> **AIM OF THE TASK**
What you output should match the data below exactly.

> **Dataset entries**

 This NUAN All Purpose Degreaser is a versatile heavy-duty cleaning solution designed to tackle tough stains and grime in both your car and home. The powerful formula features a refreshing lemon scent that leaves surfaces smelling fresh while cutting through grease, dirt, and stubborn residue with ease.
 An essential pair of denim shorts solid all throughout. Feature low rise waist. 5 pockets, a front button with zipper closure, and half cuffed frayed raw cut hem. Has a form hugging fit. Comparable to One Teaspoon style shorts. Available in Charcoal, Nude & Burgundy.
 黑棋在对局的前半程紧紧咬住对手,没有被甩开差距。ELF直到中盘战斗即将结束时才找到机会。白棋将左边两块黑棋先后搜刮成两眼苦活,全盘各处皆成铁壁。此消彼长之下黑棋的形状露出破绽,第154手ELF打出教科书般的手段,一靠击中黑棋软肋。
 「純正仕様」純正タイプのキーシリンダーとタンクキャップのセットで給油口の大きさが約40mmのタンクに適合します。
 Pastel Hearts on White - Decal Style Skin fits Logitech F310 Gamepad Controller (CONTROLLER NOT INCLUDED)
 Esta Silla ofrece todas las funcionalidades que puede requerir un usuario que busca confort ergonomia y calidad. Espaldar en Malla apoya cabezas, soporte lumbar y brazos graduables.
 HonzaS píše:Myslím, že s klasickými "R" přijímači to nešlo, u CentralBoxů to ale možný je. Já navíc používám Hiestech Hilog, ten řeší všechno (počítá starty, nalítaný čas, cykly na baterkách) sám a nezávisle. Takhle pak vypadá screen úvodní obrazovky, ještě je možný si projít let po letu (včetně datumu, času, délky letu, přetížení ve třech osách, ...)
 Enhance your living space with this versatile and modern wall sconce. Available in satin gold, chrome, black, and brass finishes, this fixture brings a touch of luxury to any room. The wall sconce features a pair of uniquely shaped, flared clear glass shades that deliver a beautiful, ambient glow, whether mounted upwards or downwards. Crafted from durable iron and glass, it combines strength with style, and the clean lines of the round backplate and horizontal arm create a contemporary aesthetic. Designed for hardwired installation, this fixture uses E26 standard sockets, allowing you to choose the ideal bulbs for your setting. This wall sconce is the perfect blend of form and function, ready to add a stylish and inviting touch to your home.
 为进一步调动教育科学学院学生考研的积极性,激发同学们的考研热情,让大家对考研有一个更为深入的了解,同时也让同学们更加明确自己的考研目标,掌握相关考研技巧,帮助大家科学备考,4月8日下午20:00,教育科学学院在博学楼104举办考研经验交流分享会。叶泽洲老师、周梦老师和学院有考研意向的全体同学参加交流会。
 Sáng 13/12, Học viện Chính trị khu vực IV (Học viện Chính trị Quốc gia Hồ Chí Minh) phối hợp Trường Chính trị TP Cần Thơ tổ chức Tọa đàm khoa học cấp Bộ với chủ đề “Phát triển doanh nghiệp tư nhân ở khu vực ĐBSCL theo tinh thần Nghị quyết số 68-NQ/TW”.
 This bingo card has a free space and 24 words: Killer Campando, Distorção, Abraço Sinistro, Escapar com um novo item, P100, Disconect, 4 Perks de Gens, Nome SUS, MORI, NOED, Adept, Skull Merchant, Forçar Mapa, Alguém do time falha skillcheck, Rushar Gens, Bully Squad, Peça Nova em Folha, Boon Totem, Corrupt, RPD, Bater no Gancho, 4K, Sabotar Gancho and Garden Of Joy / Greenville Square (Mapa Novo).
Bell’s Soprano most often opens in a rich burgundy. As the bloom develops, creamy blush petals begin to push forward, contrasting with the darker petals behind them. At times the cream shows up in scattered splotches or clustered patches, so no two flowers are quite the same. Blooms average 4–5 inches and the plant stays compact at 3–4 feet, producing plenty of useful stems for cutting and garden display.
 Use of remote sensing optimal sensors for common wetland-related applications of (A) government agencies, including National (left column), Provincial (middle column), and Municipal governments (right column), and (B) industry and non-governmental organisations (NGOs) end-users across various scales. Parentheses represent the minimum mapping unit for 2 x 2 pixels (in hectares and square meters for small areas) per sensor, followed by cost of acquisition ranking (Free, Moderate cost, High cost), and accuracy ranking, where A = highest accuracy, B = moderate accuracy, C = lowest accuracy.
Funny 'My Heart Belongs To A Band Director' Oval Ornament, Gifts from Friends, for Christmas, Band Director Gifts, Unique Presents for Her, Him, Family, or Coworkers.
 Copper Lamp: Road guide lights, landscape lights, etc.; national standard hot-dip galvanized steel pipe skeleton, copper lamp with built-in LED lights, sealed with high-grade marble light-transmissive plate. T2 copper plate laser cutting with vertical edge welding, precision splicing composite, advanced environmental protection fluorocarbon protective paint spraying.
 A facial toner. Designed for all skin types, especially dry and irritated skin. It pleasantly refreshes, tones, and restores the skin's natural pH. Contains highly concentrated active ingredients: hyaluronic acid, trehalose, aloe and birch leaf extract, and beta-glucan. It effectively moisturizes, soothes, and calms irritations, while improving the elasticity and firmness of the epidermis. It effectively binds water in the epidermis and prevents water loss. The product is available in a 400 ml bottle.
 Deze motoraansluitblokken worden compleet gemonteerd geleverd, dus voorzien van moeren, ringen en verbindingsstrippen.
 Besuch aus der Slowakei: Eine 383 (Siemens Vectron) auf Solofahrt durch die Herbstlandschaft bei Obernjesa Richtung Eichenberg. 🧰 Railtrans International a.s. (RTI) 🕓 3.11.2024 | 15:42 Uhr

> **THE ANSWER**
 This NUAN All Purpose Degreaser is a versatile heavy-duty cleaning solution designed to tackle tough stains and grime in both your car and home. The powerful formula features a refreshing lemon scent that leaves surfaces smelling fresh while cutting through grease, dirt, and stubborn residue with ease.
 An essential pair of denim shorts solid all throughout. Feature low rise waist. 5 pockets, a front button with zipper closure, and half cuffed frayed raw cut hem. Has a form hugging fit. Comparable to One Teaspoon style shorts. Available in Charcoal, Nude & Burgundy.
 黑棋在对局的前半程紧紧咬住对手,没有被甩开差距。ELF直到中盘战斗即将结束时才找到机会。白棋将左边两块黑棋先后搜刮成两眼苦活,全盘各处皆成铁壁。此消彼长之下黑棋的形状露出破绽,第154手ELF打出教科书般的手段,一靠击中黑棋软肋。
 「純正仕様」純正タイプのキーシリンダーとタンクキャップのセットで給油口の大きさが約40mmのタンクに適合します。
 Pastel Hearts on White - Decal Style Skin fits Logitech F310 Gamepad Controller (CONTROLLER NOT INCLUDED)
 Esta Silla ofrece todas las funcionalidades que puede requerir un usuario que busca confort ergonomia y calidad. Espaldar en Malla apoya cabezas, soporte lumbar y brazos graduables.
 HonzaS píše:Myslím, že s klasickými "R" přijímači to nešlo, u CentralBoxů to ale možný je. Já navíc používám Hiestech Hilog, ten řeší všechno (počítá starty, nalítaný čas, cykly na baterkách) sám a nezávisle. Takhle pak vypadá screen úvodní obrazovky, ještě je možný si projít let po letu (včetně datumu, času, délky letu, přetížení ve třech osách, ...)
 Enhance your living space with this versatile and modern wall sconce. Available in satin gold, chrome, black, and brass finishes, this fixture brings a touch of luxury to any room. The wall sconce features a pair of uniquely shaped, flared clear glass shades that deliver a beautiful, ambient glow, whether mounted upwards or downwards. Crafted from durable iron and glass, it combines strength with style, and the clean lines of the round backplate and horizontal arm create a contemporary aesthetic. Designed for hardwired installation, this fixture uses E26 standard sockets, allowing you to choose the ideal bulbs for your setting. This wall sconce is the perfect blend of form and function, ready to add a stylish and inviting touch to your home.
 为进一步调动教育科学学院学生考研的积极性,激发同学们的考研热情,让大家对考研有一个更为深入的了解,同时也让同学们更加明确自己的考研目标,掌握相关考研技巧,帮助大家科学备考,4月8日下午20:00,教育科学学院在博学楼104举办考研经验交流分享会。叶泽洲老师、周梦老师和学院有考研意向的全体同学参加交流会。
 Sáng 13/12, Học viện Chính trị khu vực IV (Học viện Chính trị Quốc gia Hồ Chí Minh) phối hợp Trường Chính trị TP Cần Thơ tổ chức Tọa đàm khoa học cấp Bộ với chủ đề “Phát triển doanh nghiệp tư nhân ở khu vực ĐBSCL theo tinh thần Nghị quyết số 68-NQ/TW”.
 This bingo card has a free space and 24 words: Killer Campando, Distorção, Abraço Sinistro, Escapar com um novo item, P100, Disconect, 4 Perks de Gens, Nome SUS, MORI, NOED, Adept, Skull Merchant, Forçar Mapa, Alguém do time falha skillcheck, Rushar Gens, Bully Squad, Peça Nova em Folha, Boon Totem, Corrupt, RPD, Bater no Gancho, 4K, Sabotar Gancho and Garden Of Joy / Greenville Square (Mapa Novo).
Bell’s Soprano most often opens in a rich burgundy. As the bloom develops, creamy blush petals begin to push forward, contrasting with the darker petals behind them. At times the cream shows up in scattered splotches or clustered patches, so no two flowers are quite the same. Blooms average 4–5 inches and the plant stays compact at 3–4 feet, producing plenty of useful stems for cutting and garden display.
 Use of remote sensing optimal sensors for common wetland-related applications of (A) government agencies, including National (left column), Provincial (middle column), and Municipal governments (right column), and (B) industry and non-governmental organisations (NGOs) end-users across various scales. Parentheses represent the minimum mapping unit for 2 x 2 pixels (in hectares and square meters for small areas) per sensor, followed by cost of acquisition ranking (Free, Moderate cost, High cost), and accuracy ranking, where A = highest accuracy, B = moderate accuracy, C = lowest accuracy.
Funny 'My Heart Belongs To A Band Director' Oval Ornament, Gifts from Friends, for Christmas, Band Director Gifts, Unique Presents for Her, Him, Family, or Coworkers.
 Copper Lamp: Road guide lights, landscape lights, etc.; national standard hot-dip galvanized steel pipe skeleton, copper lamp with built-in LED lights, sealed with high-grade marble light-transmissive plate. T2 copper plate laser cutting with vertical edge welding, precision splicing composite, advanced environmental protection fluorocarbon protective paint spraying.
 A facial toner. Designed for all skin types, especially dry and irritated skin. It pleasantly refreshes, tones, and restores the skin's natural pH. Contains highly concentrated active ingredients: hyaluronic acid, trehalose, aloe and birch leaf extract, and beta-glucan. It effectively moisturizes, soothes, and calms irritations, while improving the elasticity and firmness of the epidermis. It effectively binds water in the epidermis and prevents water loss. The product is available in a 400 ml bottle.
 Deze motoraansluitblokken worden compleet gemonteerd geleverd, dus voorzien van moeren, ringen en verbindingsstrippen.
 Besuch aus der Slowakei: Eine 383 (Siemens Vectron) auf Solofahrt durch die Herbstlandschaft bei Obernjesa Richtung Eichenberg. 🧰 Railtrans International a.s. (RTI) 🕓 3.11.2024 | 15:42 Uhr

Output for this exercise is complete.